Kaum das sie sich zum Tisch begeben hatten, ließ sich Rasalas von seinem Sohn Nash die zweite Steintafel geben, die definitiv zu der passte, die bereits in den Händen der Schulleitung war. "Dies ist die Steintafel, um die ihr verhandeln wolltet. Euer Stellvertreter äußerte den Wunsch einer Allianz zwischen Hogwarts und dem Stamm der Zentauren, sowie ein Austausch von Informationen und der Übergabe der Steintafel. Im Gegenzug würden wir eine Abschrift der anderen erhalten. Dies war der Grund dafür, dass wir in Verhandlungen getreten sind.", er legte eine kurze Pause ein und sah sie mit ernsten Augen an, so als ob er auf eine Bestätigung ihrerseits warten würde. Immerhin war es ja möglich das Bill etwas völlig falsches vorgetragen hatte. "Aber ich frage euch, Schulleiterin. Seid ihr euch bewusst, was euer Volk uns angetan hat? Seid ihr euch bewusst das euch ein schwarzer Markel anhängt der euch für immer brandmarkt? Wir sind zu diesem Austausch nur bereit, wenn ihr uns im Gegenzug ein größeres Territorium zusichert im verbotenen Wald.", fuhr er fort und sah sie mit tiefster Entschlossenheit an. Bill hatte schon befürchtet das dieses Thema zur Debatte stehen würde, ein Grund mehr wieso die Schulleiterin selbst die Gespräche führen musste. Nur die Schulleiterin hatte diese Befugnisse und nur sie entschied über diese Dinge, doch in Anbetracht der Lage waren alle davon abhängig das diese Allianz zustande kommen würde.

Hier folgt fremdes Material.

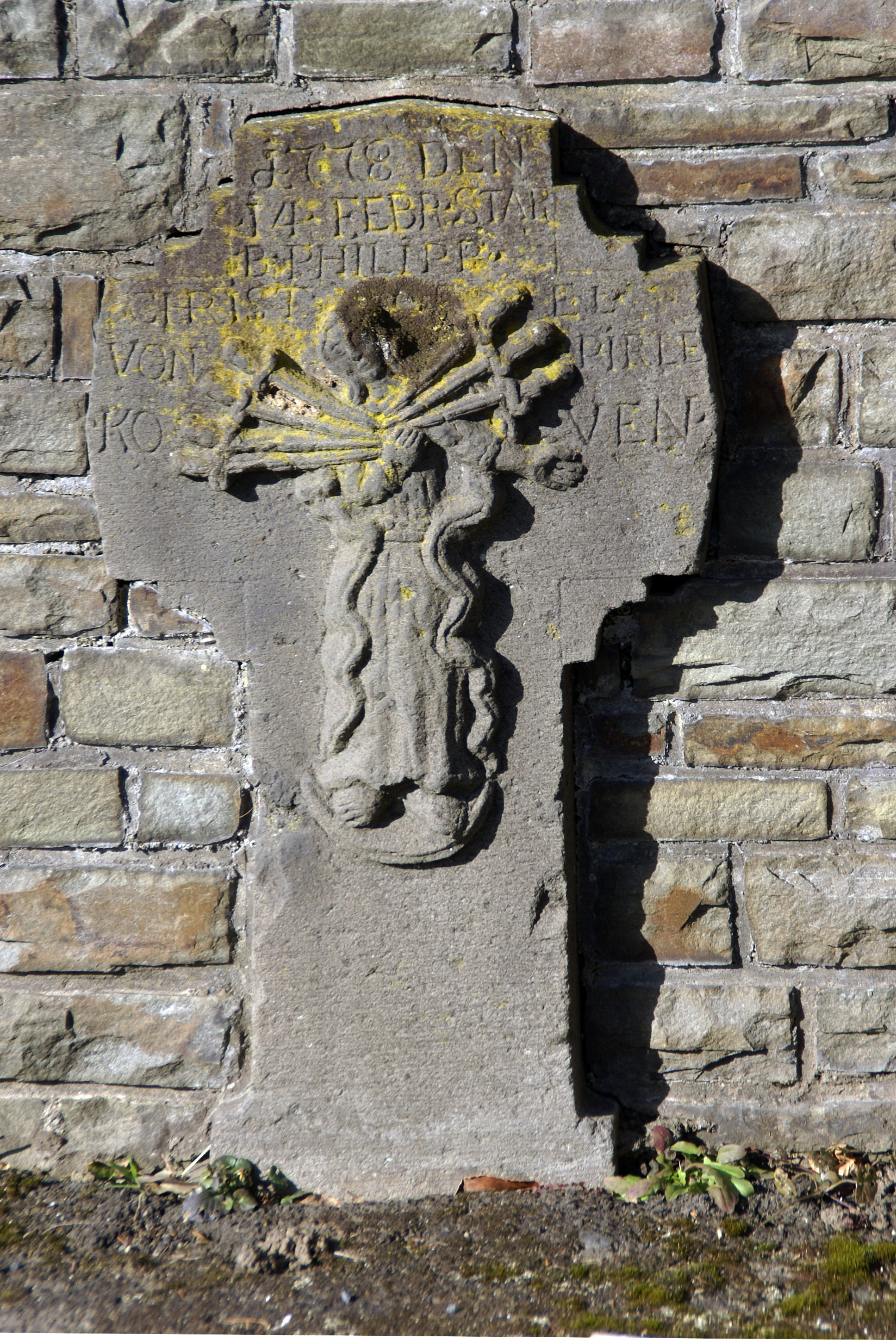 Wayside cross in Freckwinkel, Siegburger Straße 316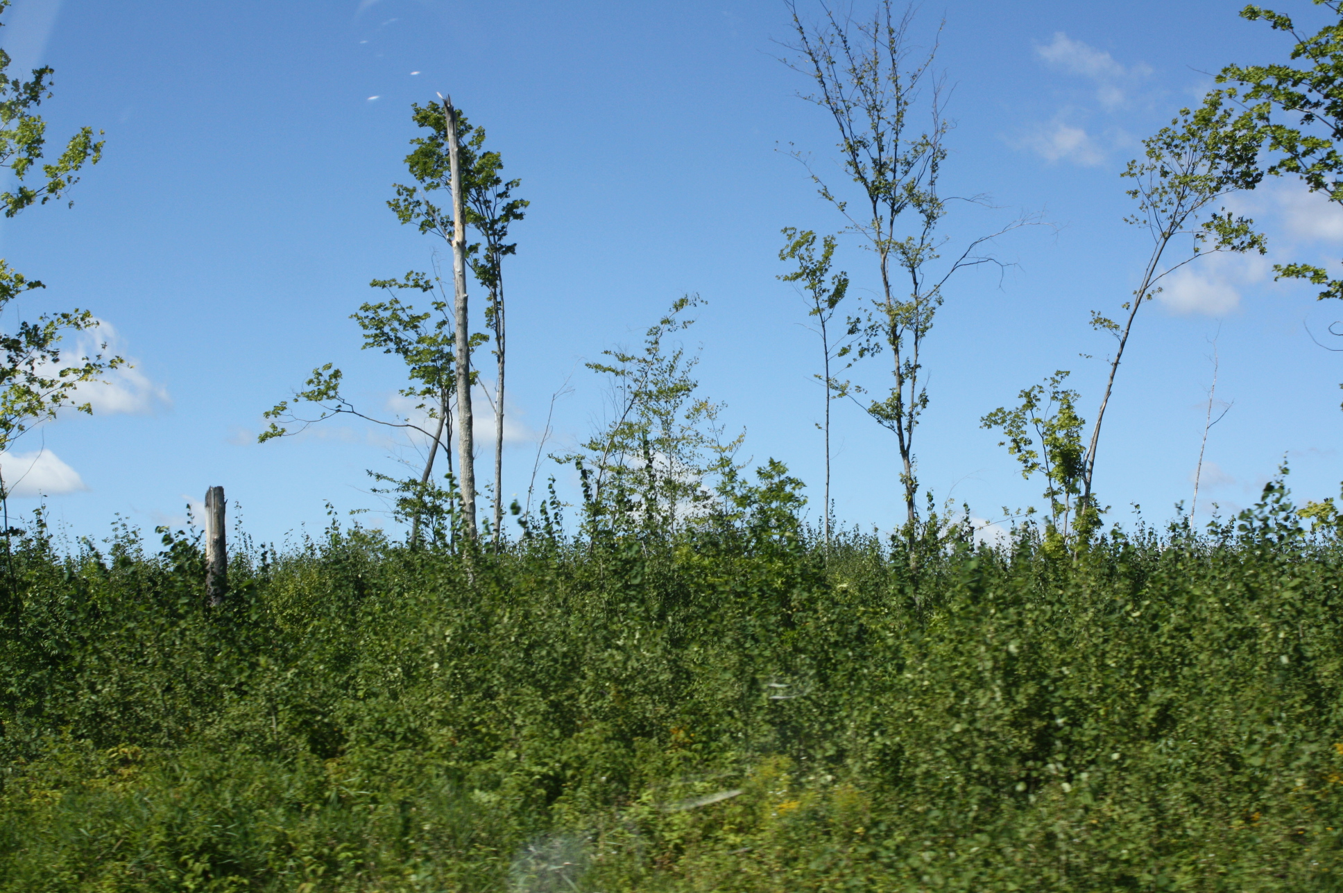 Tornado damage from a strong (EF3) and long lived tornado in June 7, 2007. The August 2010 image shows the complete damage where it intersection Wisconsin Highway 32 in Oconto County, Wisconsin. The largest trees are moderate sized (less than 50 feet/20 meters).

Nash jedoch schnaubte laut und schlug mit eiserner Faust auf den Tisch, "wer sichert uns eigentlich zu, dass sie sich nach der Aushändigung der Steintafel an die hier verhandelten Bedingungen halten? Ich kenne euch Menschen und eure Listigkeiten. Ihr handelt einen Vertrag zur eurem Gunsten aus und findet dann eine bürokratische Lücke um alle unsere Vorteile wieder nichtig zu machen. Ihr seid eine gefährlich niederträchtige Spezies die nur auf den Krieg aus ist! Und wenn ihr Krieg wollt, ich kämpfe gegen jeden von euch.", zischte er und sah sie mit ebenso großer Entschlossenheit an. Theoretisch konnte die Schulleiterin über alles verhandeln was sie wollte und sogar die Allianzbedingungen komplett verändern, aber die Frage war ob es ihnen nützen würde. Letztlich waren die Zentauren nicht ungefährlich und am wenigsten konnten sie im Augenblick einen Feind unmittelbar vor der Haustüre gebrauchen. "Versteht meinen Bruder nicht falsch," begann Ricardo, "aber wir wurden von den Menschen und von euren Anführern mehr als einmal getäuscht und wieder in die Knechtschaft verbannt. Wir sind es leid so zu leben, wir wollen das was allen zusteht, Freiheit, Gleichheit. Wir fordern ein größeres Territorium um unser Volk, nicht um Krieg zu führen. Die Zentauren sind misstrauisch geworden und jetzt wo die Welt unter einem schlechten Stern steht und das Schicksal sich gegen euch wendet, kommt ihr und fleht um unsere Hilfe. Ihr seht die Gründe warum wir berechtigterweise Zweifel an der Aufrichtigkeit haben. Dies ist nicht gegen euch oder euren Stellvertreter gerichtet. Professor Melbourne ist ein Freund, doch kann er nicht für alle sprechen." erklärte Ricardo und versuchte damit die Provokation seines Bruders ein wenig zu mildern, um die Verhandlungen nicht in eine falsche Richtung laufen zu lassen. Allein ihre Antworten würden über den Ausgang dieser Verhandlungen entscheiden.